Links Relevant To This Episode
- Nomics.com
- Nomics on Twitter
- Clay Collins
- Flippening.com
- Nexo
- Nomics API
- Nomics’ Fully Customizable Daily Crypto Newsletter
- Ari Nazir
- Neural Capital
- Ethereum (ETH)
- Stellar (XLM)
- EOS (EOS)
- Centra (CTR)
- Bitconnect (BCC)
Transcript
Clay: Welcome to Daily Wisdom from the Flippening Podcast. These episodes feature short, to the point clips from our full-length interviews. We talk to the men and women behind the trades, crypto exchanges, and regulations with the goal of helping you become a better, more informed investor.
Michael: Hi, I’m Michael Kaplan, editor of the Flippening Podcast. Today’s episode is from a 2018 conversation with Ari Nazir, founder and managing partner at Neural Capital, a hedge fund focused on cryptoassets. We discuss how he manages his portfolio in a space that is still marked by speculation and dishonesty. For the full conversation, [00:00:30 ] check out Flippening episode 13.
Without further ado, here’s our conversation with Ari Nazir, founder and managing partner at Neural Capital. Enjoy.
Ari: As we start seeing a flight to quality, not just in terms of capital, that’s the first thing anybody thinks of.
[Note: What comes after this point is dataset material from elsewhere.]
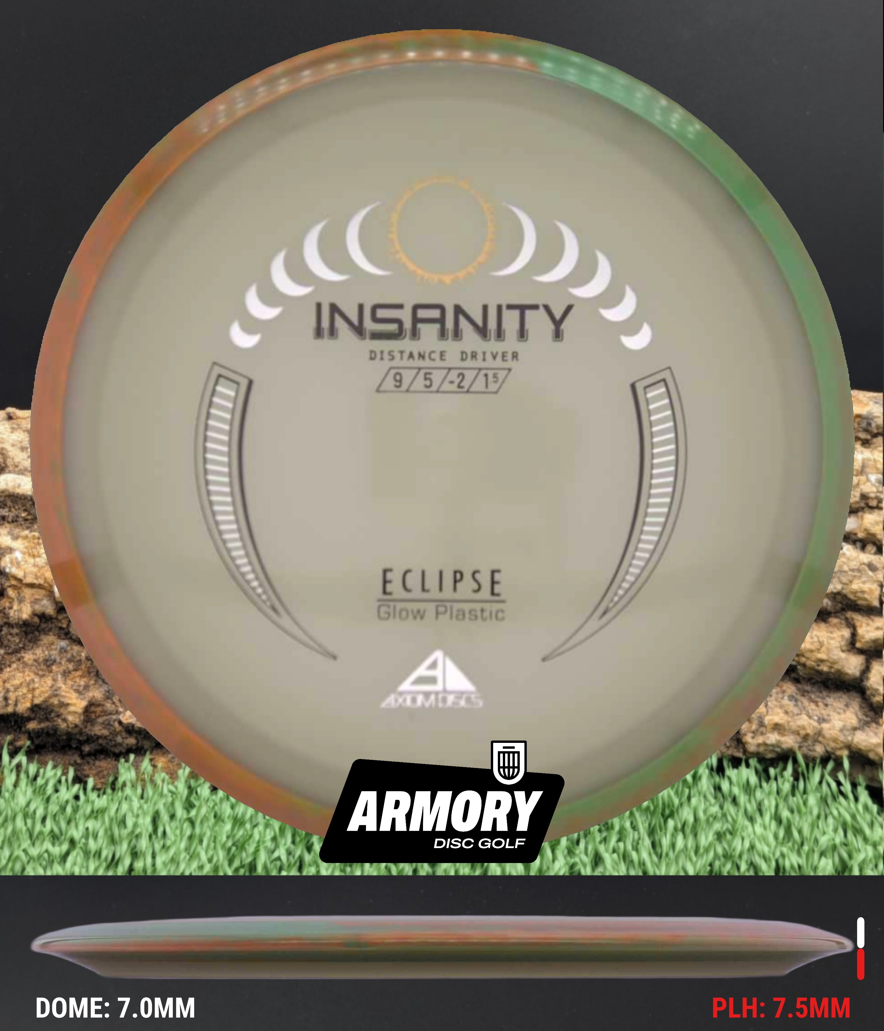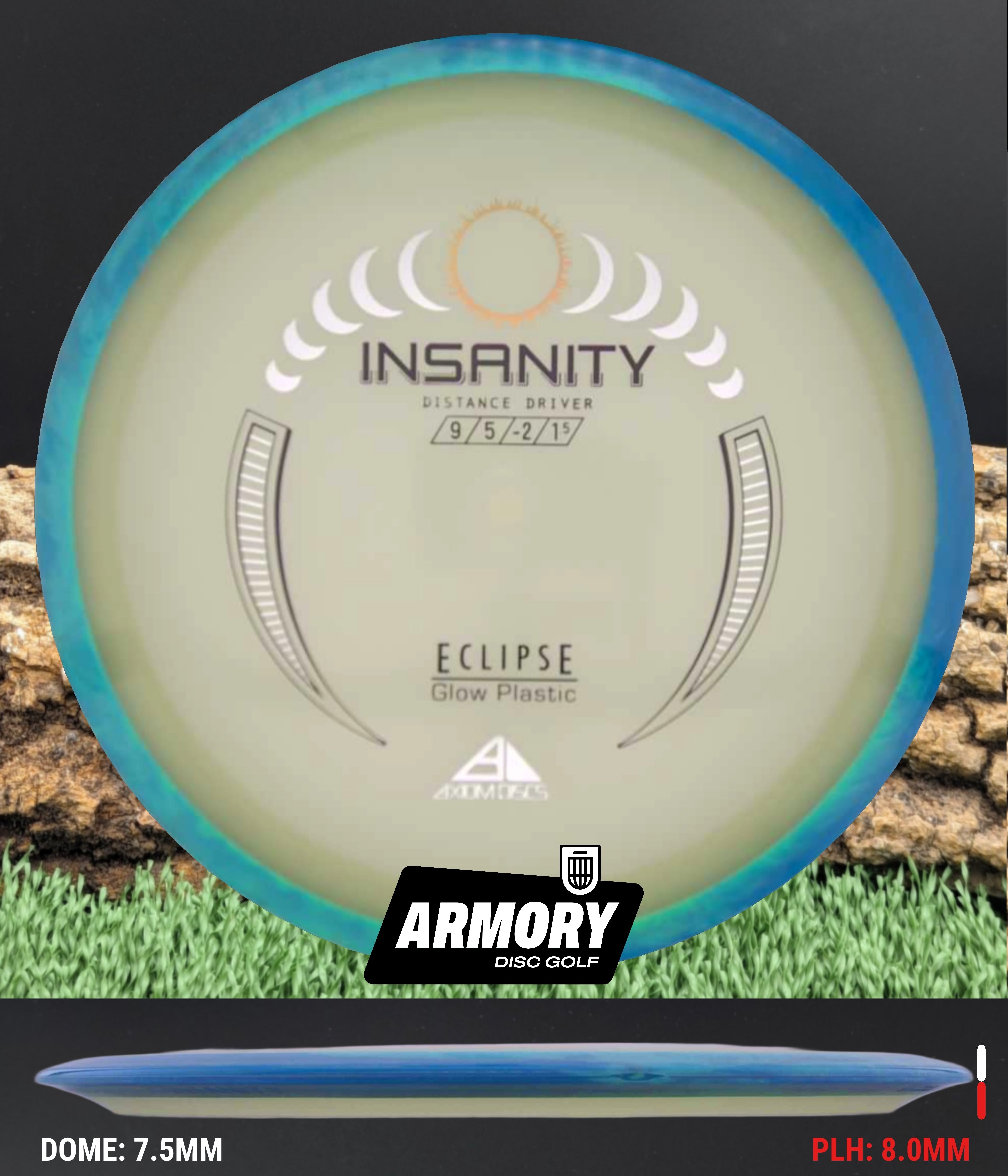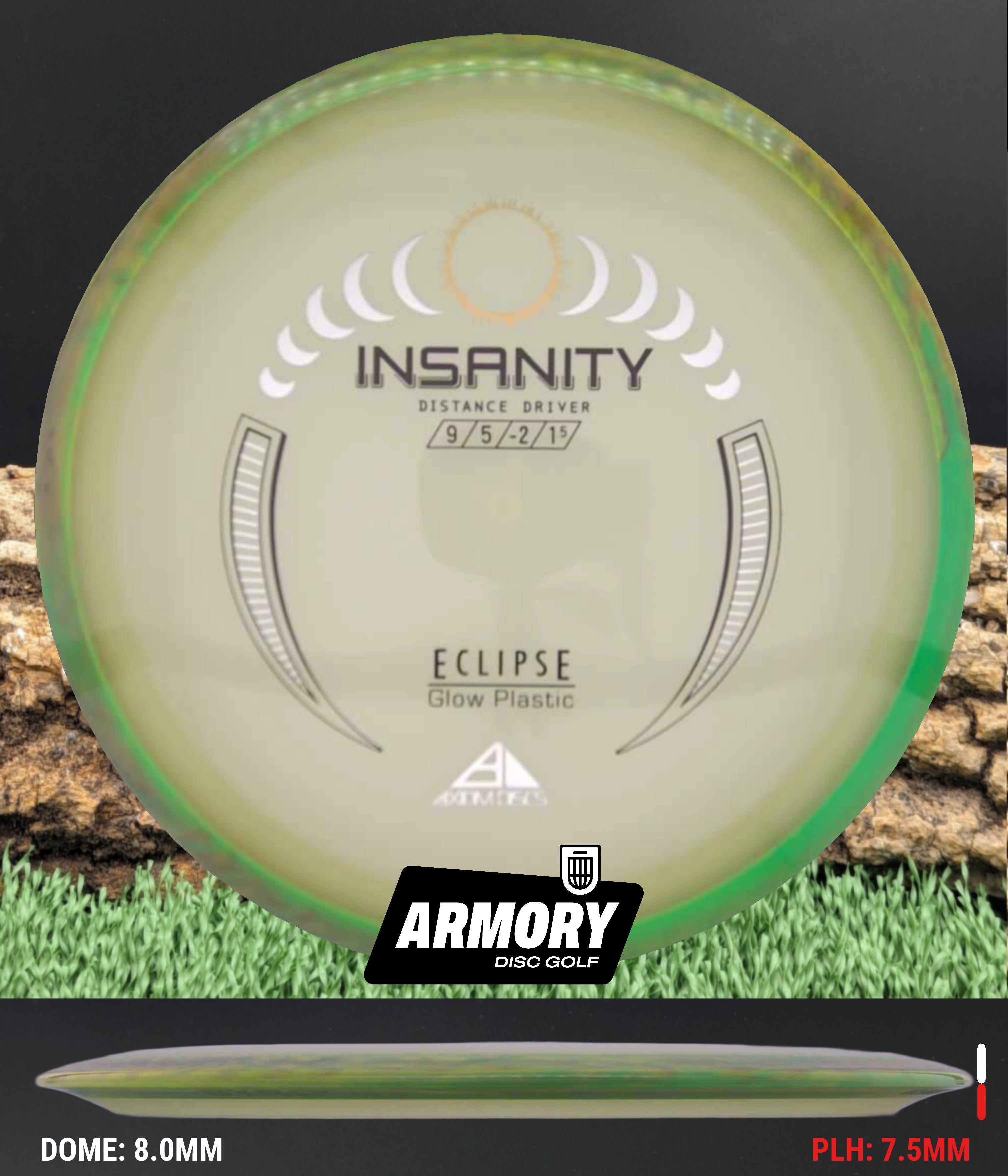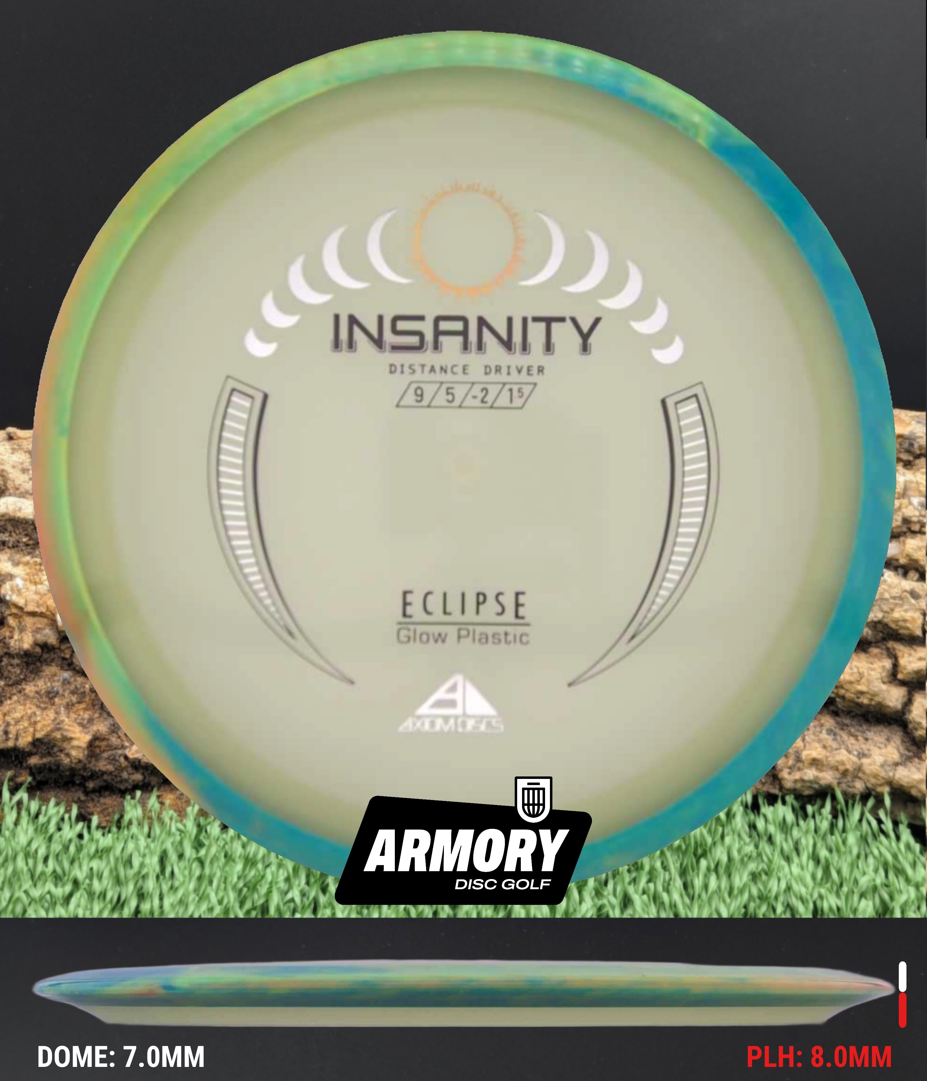 Another Special Edition release (for Halloween of 2021), the Eclipse Insanity is making its absolutely glowing return as a stock offering! Maintaining flight numbers of 9 | 5 | -2 | 1.5, the Eclipse Insanity is now available any time you need a consistent stable to understable distance driver for your bag. High power players will have a precise flip-up or turnover disc for day or night, while average power players will have a remarkably straight distance driver. Designed with a softened profile to mimic a more worn-in disc, explore the multitude of shot shapes the Eclipse Insanity can bring to your game by grabbing your own from your favorite local or online retailer!

More importantly, flight to capital of developers. Once you start seeing more talent around platforms, you start seeing the winners emerge, whether it’s Ethereum, Stellar, EOS, a number of them combined, the taking [00:01:00 ] of specific market share for specific activities, I think you’ll start seeing more and more developers. But to answer your question, I see myself still today in the financial services, venture capital space, but I like to think of myself as a wealth generator and not necessarily a wealth manager.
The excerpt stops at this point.